L J
sorry, I thought you were a pilot. The AIP is the "Air Pilot" whuich is the bible for flying in the UK. The reference was to a section dealing with Heathrow (code EGLL).
The hold is based overhead the LAM beacon and is a racetrack turning 180 degrees away from the beacon, going straight for 1 minutes' flying time, then turning back towards the beacon and flying back (nominally) 1 minute until overhead, and then doing it all over again!

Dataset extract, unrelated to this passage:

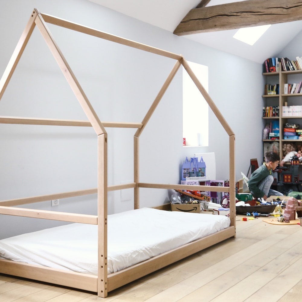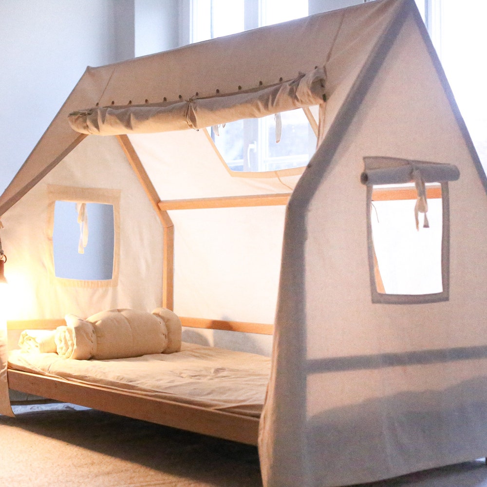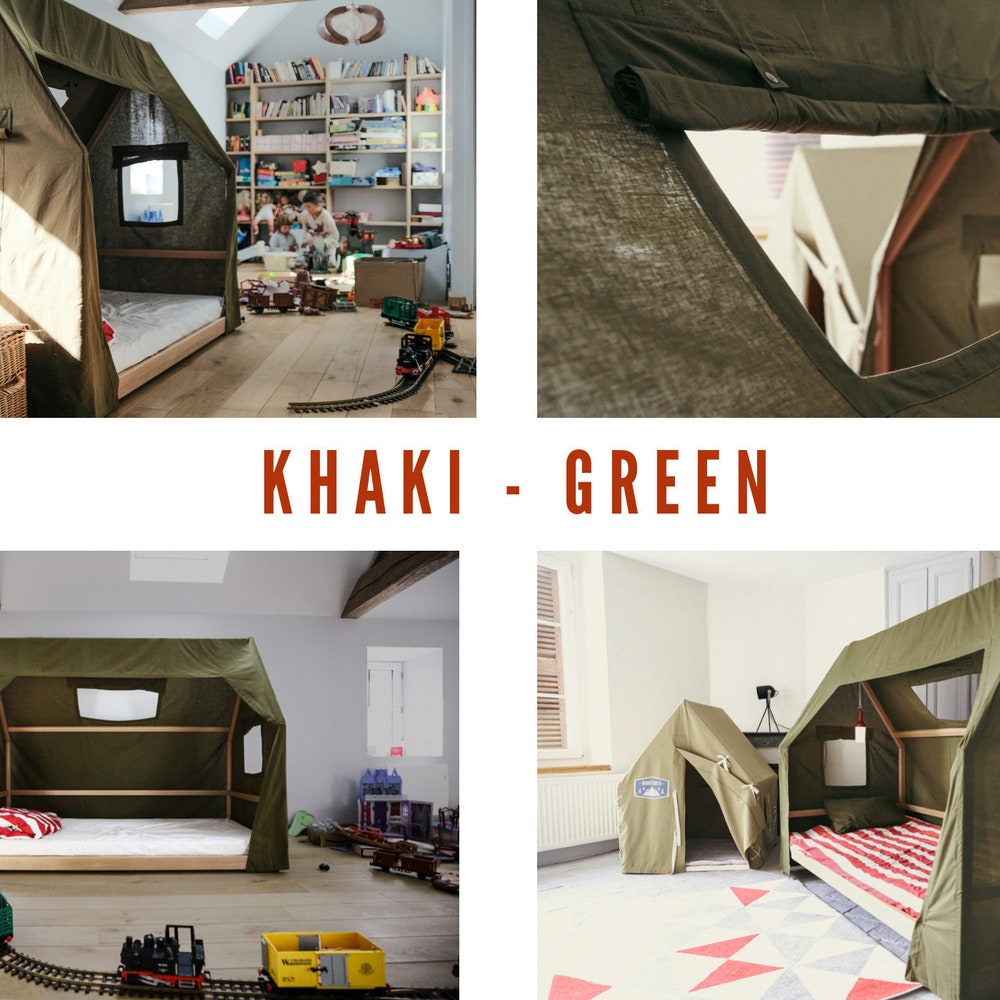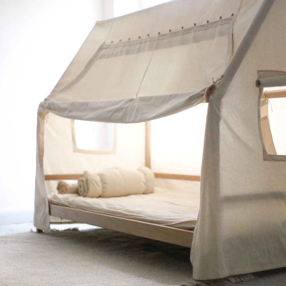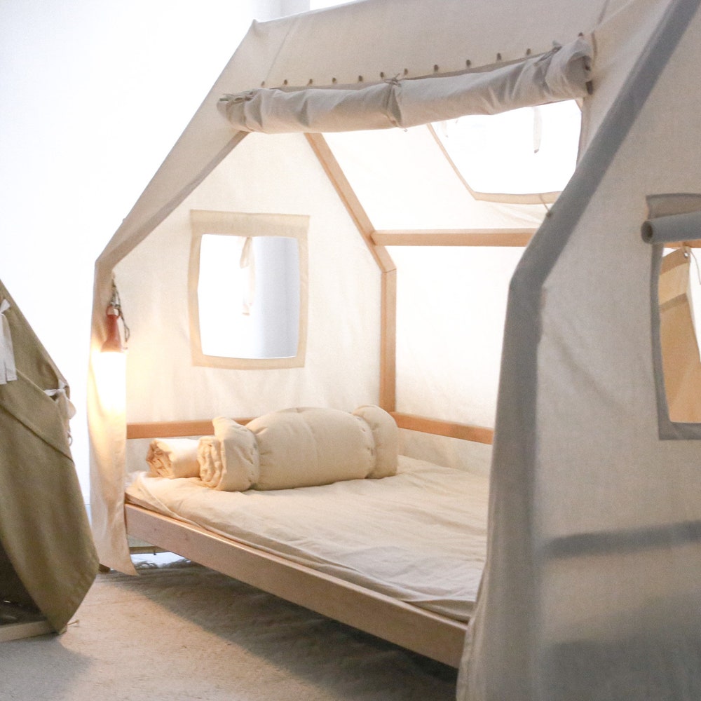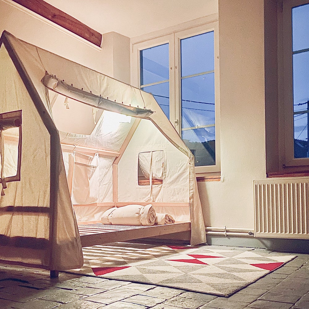 We have long wanted to combine a Montessori Bed House with ours Adventure playhouse. Now we are happy to present the brand new Floor bed with Canopy premium 100% cotton fabric.

I haven't got a BNN chart in front of me, but I suspect the 222 degree line would be the track flown by an A/c following the radial from the BNN VOR. As DrKaos said, these procedures are designed to be flown by the pilot in the event of NO radar vectors from ATC (typically radar or radio failure). The radar vectors chosed by the ATCO would be similar to the non-radar pattern, but changed tactically to fit into the traffic sequence.
As to the symbol, it depends which chart you're looking at. Usually the NDB is circles of dots. A VOR is a hexagon and a VOR/DME is a hexagon in a box with a dot in the middle.
The NDB just sends out a signal in all directions and the needle in the cockpit points to it (hence Non Directional Beacon). The VOR sends out a pair of beams by which the equipment in the cockpit can detect it's displacement from any one of 360 tracks out (called radials). Dial up the radial you want and the needle says "fly left/right" until you're on it. Combined with DME (distance measuring equipment) you get what mathematicians call a polar coordinate...a point a known distance on a known bearing from a fixed origin.